Question

(A) What is de Broglie hypothesis?
(B) Write the formula for de Broglie wavelength.
(C) Calculate de Broglie wavelength associated with an electron accelerated by a potential difference of $100\,volts$.
Given the mass of the electron = $9.1 \times {10^{ - 31}}kg$, $h = 6.634 \times {10^{ - 34}}Js$, $1\,eV = 1.6 \times {10^{ - 19}}J$

Answer 1

Hint De Broglie's hypothesis related the wavelength of a particle to its momentum. In quantum mechanics, as we zoom into the subatomic level, matter doesn’t always necessarily exhibit the particle behavior as we expect. It also behaves as a wave at the microscopic level.
Formulas used: For de Broglie wavelength $\lambda = \dfrac{h}{p}$ and momentum $p = \sqrt {2meV}$

Complete Step by step solution
The de Broglie hypothesis proposes that all matter exists in a dual state of waves and particles exhibiting wave-like properties. It relates the observed wavelength of a particle to its momentum.
The de Broglie wavelength $\lambda$ of a particle is associated with its momentum $p$, as per the formula $\lambda = \dfrac{h}{p}$, where $h$ is the Planck constant.
The momentum $p$ in the above formula is given by $p = \sqrt {2meV}$, where $m$ is the mass of the electron, $e$ is the charge of an electron, and $V$ is the potential difference through which the electron has been accelerated.
We calculate the de Broglie wavelength of an electron been accelerated by a potential difference of $100\,volts$ using the formula $\lambda = \dfrac{h}{p}$, and substituting the momentum $p = \sqrt {2meV}$.
Thus we get $\lambda = \dfrac{h}{{\sqrt {2meV} }}$
Substituting the values of $h$ ,$m$ and $e$ we get
$\lambda = \dfrac{{6.634 \times {{10}^{ - 34}}Js}}{{\sqrt {2 \times 9.1 \times {{10}^{ - 31}}kg \times 1.6 \times {{10}^{ - 19}}C \times 100\,V} }}$
Upon further solving we get,
$\lambda = \dfrac{{6.634 \times {{10}^{ - 10}}}}{{\sqrt {2 \times 9.1 \times 1.6} }}m$
$\Rightarrow \lambda = \dfrac{{6.634 \times {{10}^{ - 10}}}}{{5.396}}m = 1.229 \times {10^{ - 10}}\,m$

Hence the required answer is $1.23 \times {10^{ - 10}}\,m$.
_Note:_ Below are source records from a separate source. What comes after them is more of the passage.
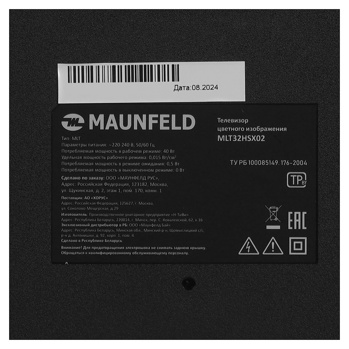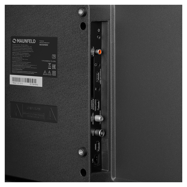Телевизор Maunfeld MLT32HSX02 предназначен для приема и воспроизведения видео и аудио контента с различных ресурсов таких как телевещание, Интернет, дополнительное подключаемое оборудование и физические носители в домашних условиях, гостиницах, офисах, холлах и кабинетах различных учреждений. Прибор оснащен плоским широкоформатным монитором, акустической стереосистемой с 2 встроенными динамиками, встроенным блоком питания и основным выключателем, пульт – кнопочной клавиатурой. Кожух прибора выполнен из ударопрочного полимера с матовой поверхностью черного цвета, рамка экрана и опоры с поверхностью черного цвета, корпус пульта – из черного пластика.
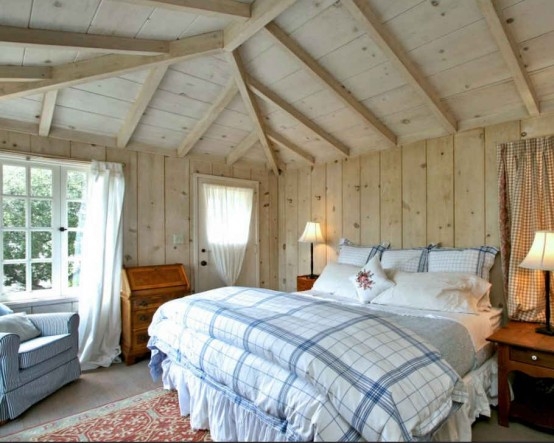 Phòng ngủ ấm áp với gam màu gỗ sáng cùng bộ chăn ga kẻ ca rô
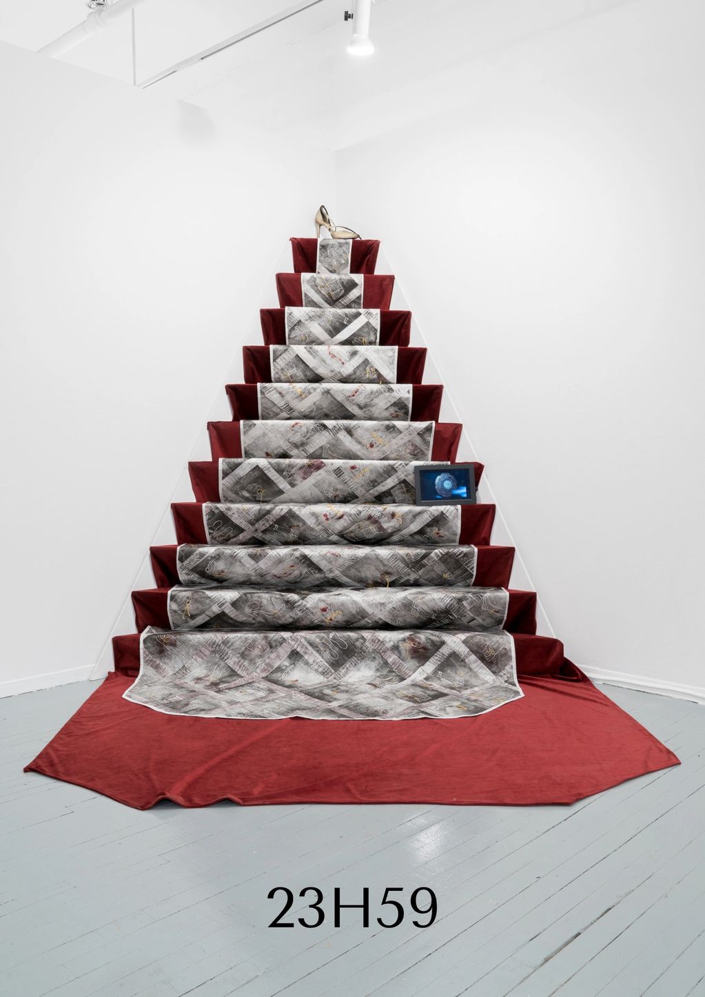 Sewn assemblage of mokulithograph prints on Mulberry paper, set on red velvet steps. A screen plays an animation of ball shoes through time. Th
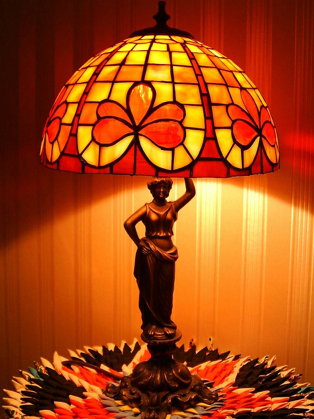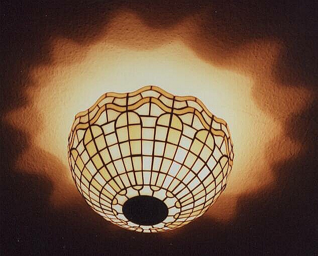 | Name: Mais Durchmesser: 30 Höhe: 15/- 3 verschiedene Gläser; hier als ausleuchtende Deckenlampe Glasteileanzahl: 324 Das Muster für die Küche |
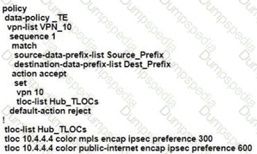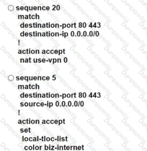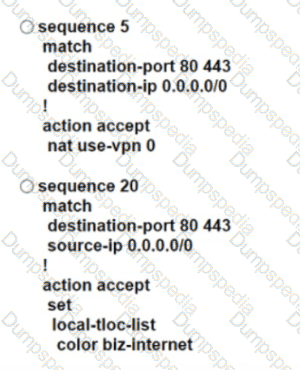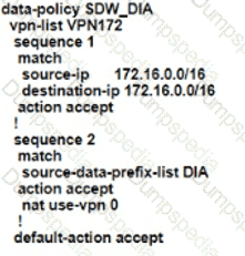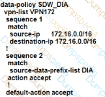 An engineer modifies a data policy for DIA in VPN 67. The location has two Internet-bound circuits. Only the web browsing traffic must be admitted for DIA. without further discrimination about which transport to use.
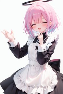 1girl, solo, apron, halo, hair over one eye, closed eyes, smile, white background, dress, white apron, simple background, long sleeves, multicolored hair, braid, open mouth, blue hair, alternate costume, blush, bangs, :d, pink hair, black dress, ribbon, frilled dress, enmaided, short hair, hand up, colored inner hair
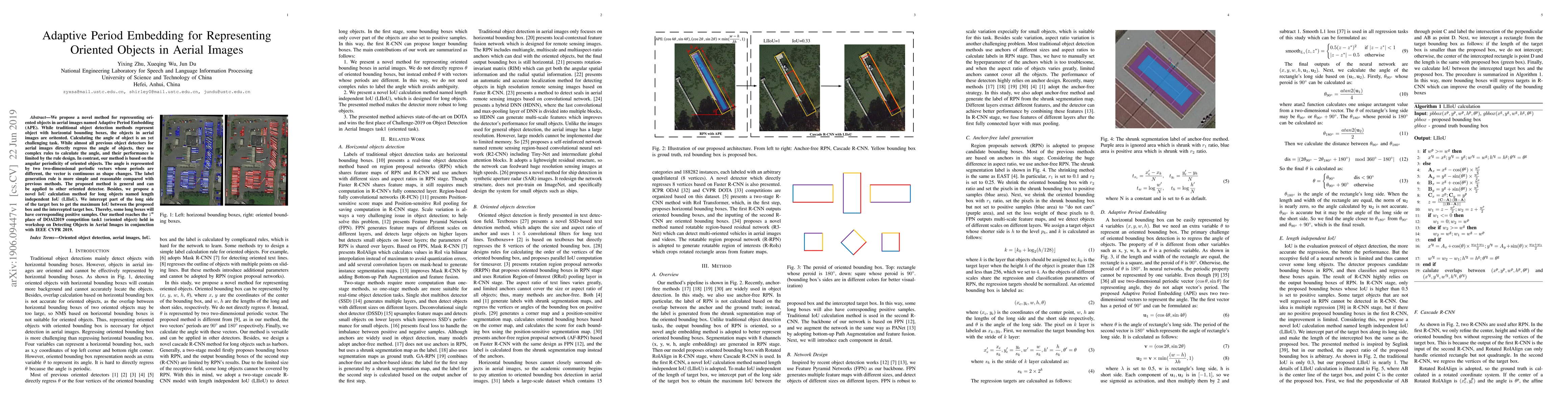 The paper introduces Adaptive Period Embedding (APE) for representing oriented objects in aerial images, using angular periodicity to simplify angle calculation and proposing a Length Independent IoU (LIIoU) for long object detection, achieving top results in the DOAI2019 competition.
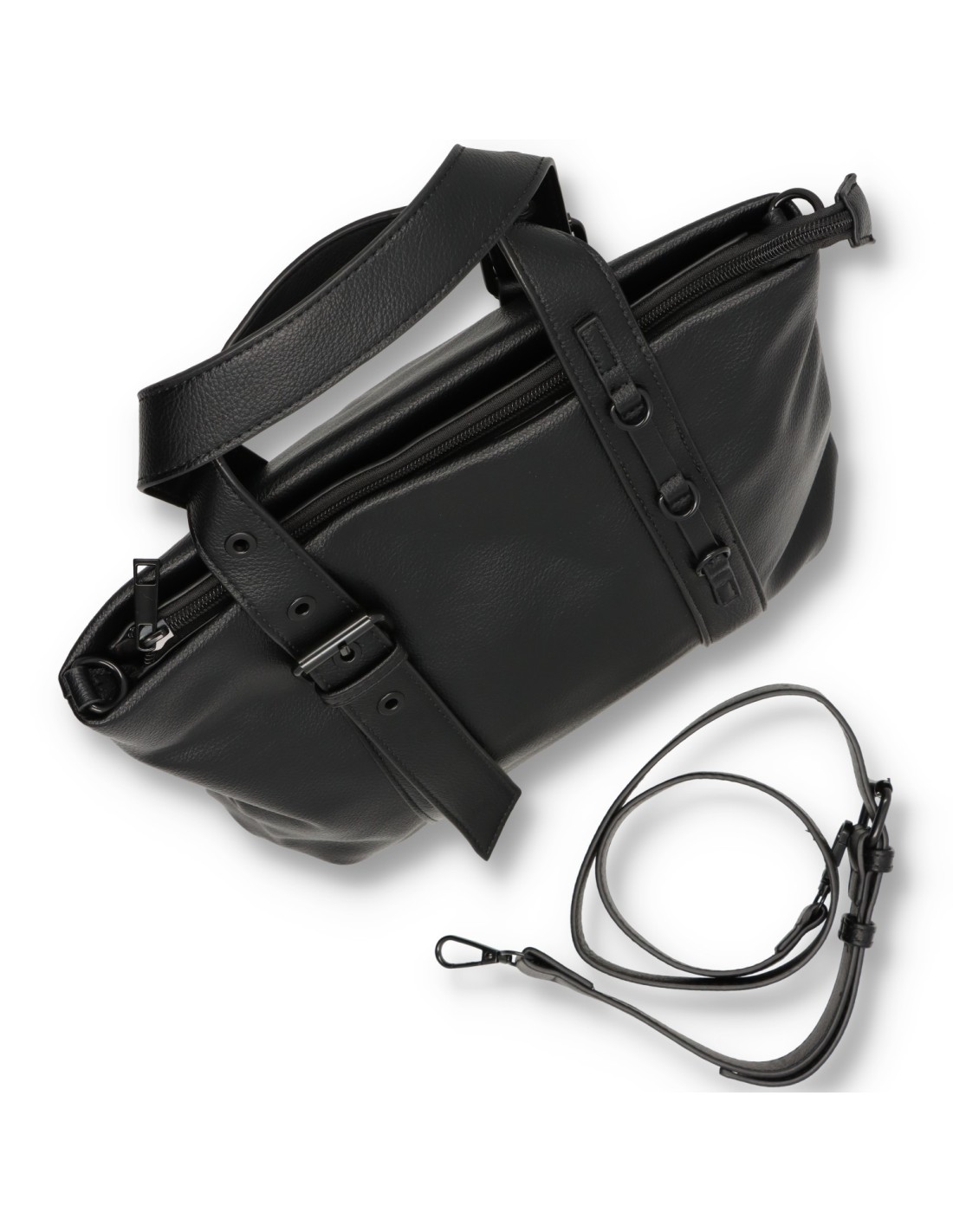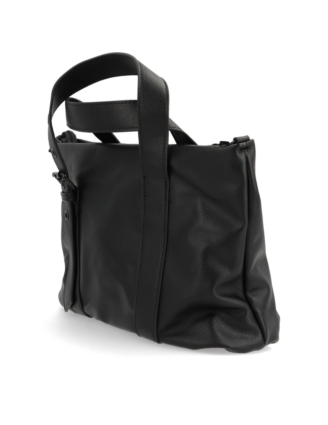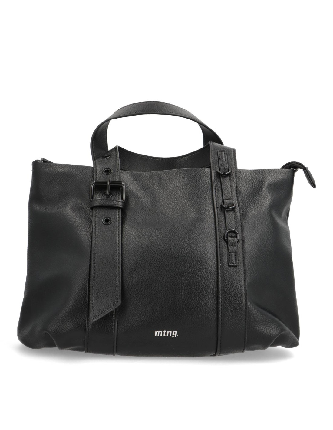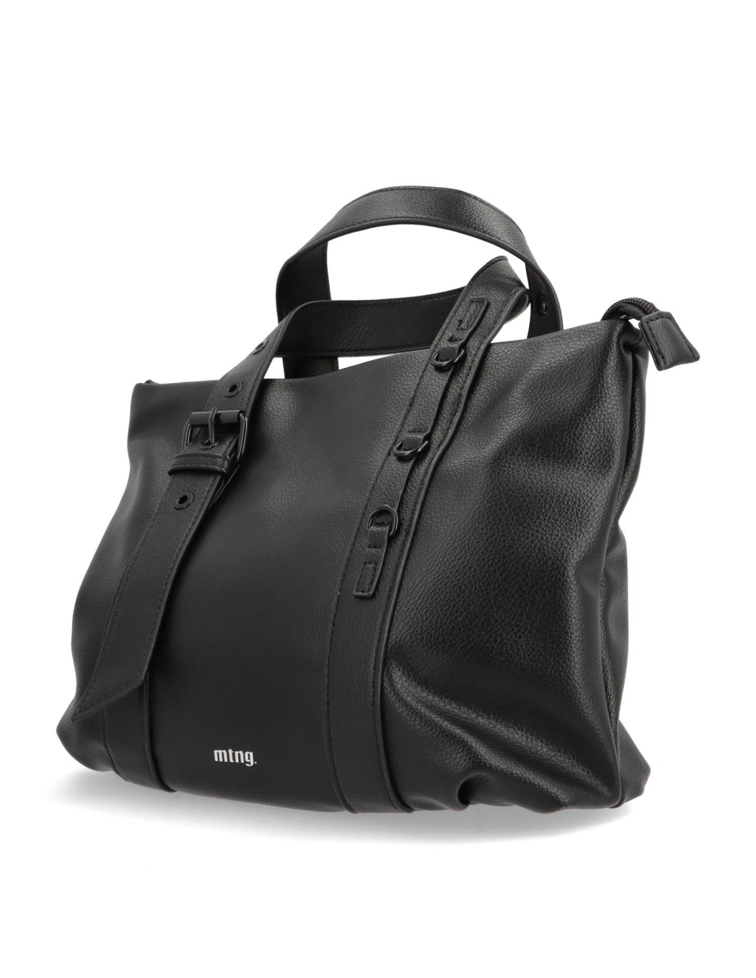Bolso shopper de color negro Mack para mujer de de la marca Mustang. Interior mediano amplio con versatilidad para uso cotidiano. Detalles con hebillas metálicas y asas dobles además de una correa para usarlo como bandolera le da un estilo particular. Su color negro junto a sus acabados son perfectos para combinar con cualquier outfit y estilo.

Note The mass of the electron used in this formula is the rest mass of the particle and we generally use the rest mass in such equations unless specified. Also, the charge of the electron has been replaced in the formula with $1\,eV$, as an electron volt is the amount of energy gained by an electron when it is accelerated in a potential difference of $1\,Volt$ (numerical values of both being the same).